REKOMENDASI SAHAM

Magnet Saham Perbankan Jelang Pengumuman Suku Bunga Acuan

Dinda Audriene, CNN Indonesia | Senin, 17/12/2018 10:18 WIB
Magnet Saham Perbankan Jelang Pengumuman Suku Bunga Acuan Ilustrasi. (CNN Indonesia/Hesti Rika).
Jakarta, CNN Indonesia -- Sikap Bank Indonesia (BI) dalam Rapat Dewan Gubernur (RDG) bulan ini yang tak mengerek suku bunga acuan akan menjadi magnet kuat bagi pelaku pasar untuk mencermati saham emiten perbankan.

Analis Binaartha Sekuritas Muhammad Nafan Aji Gusta Utama mengatakan prediksi itu dilatarbelakangi oleh sinyal bank sentral Amerika Serikat (AS) Federal Reserve yang menyebut tren kenaikan suku bunga atau normalisasi sudah hampir mencapai puncaknya. Dengan demikian, kenaikan suku bunga acuan The Fed pada 2019 berpotensi tak seagresif tahun ini.

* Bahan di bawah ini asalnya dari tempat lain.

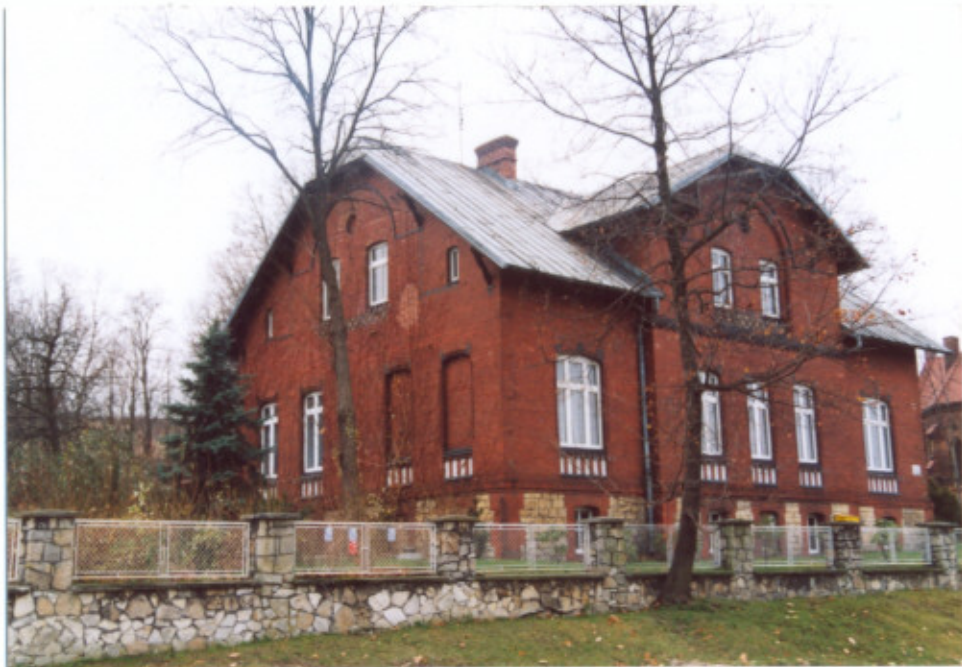
5. Widok od północnego-zachodu.
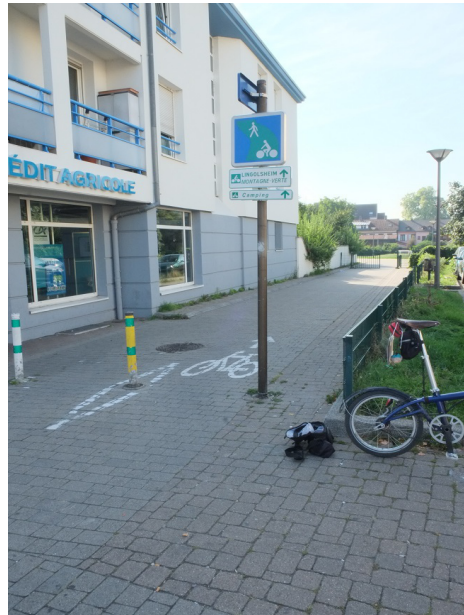
... weitere Varianten
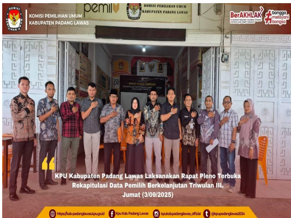
Gambar 23 Kegiatan rapat pleno terbuka PDPB
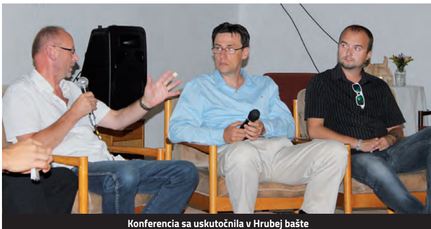
Konferencia sa uskutočnila v Hrukej bašte

"Pada Desemeber ini saya yakin The Fed masih akan menaikkan suku bunga acuan, namun BI kan sudah menaikkan suku bunga acuan lebih dulu bulan lalu," ungkap Nafan kepada CNNIndonesia.com, Senin (16/12).



Keputusan BI mengerek suku bunga acuan pada November lalu dinilai sebagai sikap antisipasi terhadap peluang kenaikan suku bunga acuan The Fed bulan ini. Hal itu dilakukan demi menjaga nilai tukar rupiah tetap bergerak stabil terhadap dolar AS.

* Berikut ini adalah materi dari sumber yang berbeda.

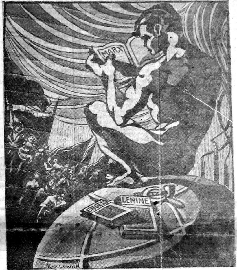
Trabalhadores do mundo. Uni-vos!...

Em Nichero, os communistas distribuíram dois manifestos num total de 4.500 exemplares. Em S. Paulo, lançaram um manifesto e espalharam numeros antigos da «A Classe Operaria». Em Santos editaram um numero especial, com seis paginas do «O Solidario». Em Sertãozinho, Estado de São Paulo lançaram um manifesto e o jornalzinho «O 1.º de Maio». Em Ribeirão Preto, fizeram uma passeta e uma sessão solenne. Em Victoria, capital do Espirito Santo, um manifesto que, infelizmente, provocou algumas prisões. Em Manaus, Fortaleza, Natal, Arica Branca, Alagoas do Remigio, Guaibira, Parahyba, Arica, Mos-
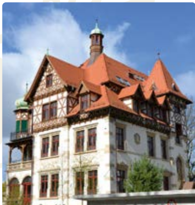
Villa Heinrichshof (10)

dem Ersten Weltkrieg Viktoria Luise von Preußen, Heinz Rühmann, Johannes Heesters, Zarah Leander, Heinrich Büssing, Hugo Junkers u. v. a. mehr. Mit Ausbruch des Krieges zog 1939 die Wehrmacht auf das Gelände und nach dem Krieg diente es als sowjetisches Militär Lazarett. Seit 2011 wird es umfassend saniert.
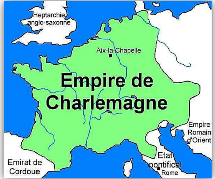
Doc 1 : L'empire de Charlemagne en 814

Charlemagne aide plusieurs fois le pape contre ses ennemis, resserrant ainsi les liens entre l'Eglise et royauté. En l'an 800, le jour de Noël, il est couronné empereur par le pape, à Rome.
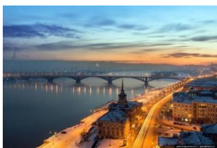
克拉斯诺亚尔斯克夜景
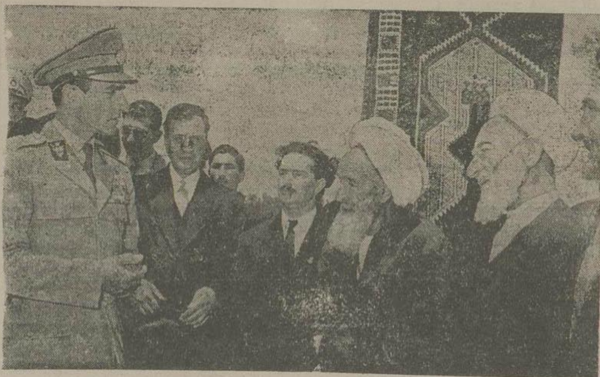
شاهنشاه دژ نزدیک دروازه شهرسراب هنگام عبور از برابرف مستقیم و ابراز تفقد نسبت با آقایان روحانیون

تشریف فرمائی شاهنشاه به بندر پهلوی اعلیحضرت همایونی در شرفیابی رؤسای ایلات شاهسون و اردبیل و اکراد خلخال فرمودند فرزندان خود را برای تحصیل طب و کشاورزی آماده نمایند تا در بهداشت و بهبود وضع فلاحت شادمانانه اقدام کنند مراسم رژه تپ مستقل و افراد عساکر و ورزشکاران اردبیل دیروز عصر در پیشگاه ملکات برقرار گردید
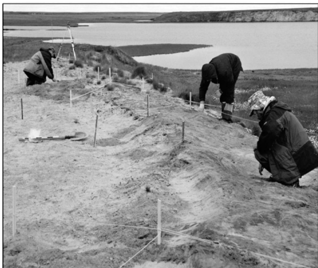
На раскопках средневековой стоянки Юнета-яха III. 2006 г.

Первое направление: древнее святилище Усть-Полуй. Исследования археологического памятника, имеющего сложное наименование «городище (жертвенное место) Усть-Полуй», ведутся си-

"Intervensi untuk menjaga rupiah selain terkait suku bunga, BI juga intervensi di pasar forex dan ikut menyerap surat utang negara," tutur Nafan.

Diketahui, pada bulan lalu BI menaikkan suku bunga acuan sebesar 25 basis poin (bps) menjadi 6 persen dari sebelumnya 5,75 persen. Sementara itu, suku bunga The Fed saat ini di level 2 persen sampai 2,5 persen.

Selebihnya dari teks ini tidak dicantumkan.